4. The 4 winners are then the national playoff. Many years a total underdog that started the playoffs outside the Top 10 or even the Top 20 will make it. That's a good thing (our "Cinderella Story").

5. I wouldn't even seed these teams in a traditional way. PAC and B1G champs should play each other in the Rose Bowl (Los Angeles). SEC and ACC champs should play each other in the Peach Bowl (Atlanta).

6. Then, championship game would be those winners on a rotation between the Cotton (Dallas), Orange (Miami), Fiesta (Phoenix) and Sugar (New Orleans) sites.

7. This is actually a 16-team playoff and I believe every program in the country would think it had a chance to make the tournament (only have to finish Top 4 in your conference), every region would be well represented for viewership every year, you'd have some Cinderella years, and at the end you'd crown a champion it would be hard to argue with being deserving.

8. To your earlier concern, @Jens1893 , this would actually reduce the number of games a team might potentially play. Everybody still plays 12 in the regular season. Another 8 teams would play 13 (conf semi losers), another 4 would play 14 (conf final losers), another 2 would play 15 (conf final losers) and then 2 would play 16 (championship game attendees).

9. Because this would likely kill the bowl games, I think it would justify adding a pre-season scrimmage or two against FCS level teams to further increase revenues with those extra events added to the season ticket packages -- which would save football finances at those lower levels as an additional benefit because of the big paydays for visiting. There would have to be a rule that no FCS opponents are allowed on the regular season schedules.
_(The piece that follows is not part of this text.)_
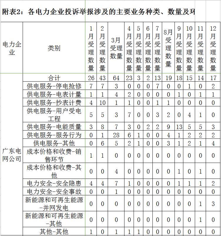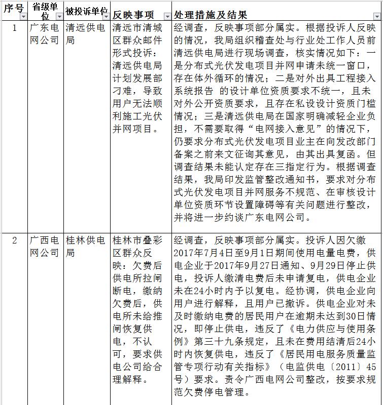 2.本月办结的投诉举报中发现以下问题:个别企业存在不根据实际情况回复报告的情形;未对用户报装的变压器按时接电;未按规定对光伏并网资料不符要求的用户出具书面告知书;工作人员服务态度差,95598等服务热线未及时处理用户反映问题等,以上问题请各供电企业引起重视并对照整改落实,我局将根据情况适时开展现场核查。

10. A really nice side benefit here is that there wouldn't be a reason to care about unbalanced schedules, who a team avoided during its conference slate, whether the conference played 8 or 9 conference games in the regular season, or whether a team played all P5 opponents in the non-conference or all G5 opponents or whatever. It would all be about being ranked high enough to make your conference tourney and then winning it to get into the Final Four.

This is far too well thought out and sensible for it to ever be remotely considered. Congrats, nik!
 
Argument is that having a 4-team playoff can result in major regionalization of the teams playing which is a ratings killer versus what it would be with all regions participating like you have with the basketball tournament. Expectation is that it goes to 8 teams before the current contract is up.

He doesn’t get a vote. Rose Bowl and Sugar ratings through the roof. Commissioners, Swarbuck and CFP execs very happy with the product and buzz that four teams creates. And besides, those same Commissioners are not going to give up their CCGs so the playoff can be expanded. Ain’t gonna happen anytime soon. At least 6 more years of four teams.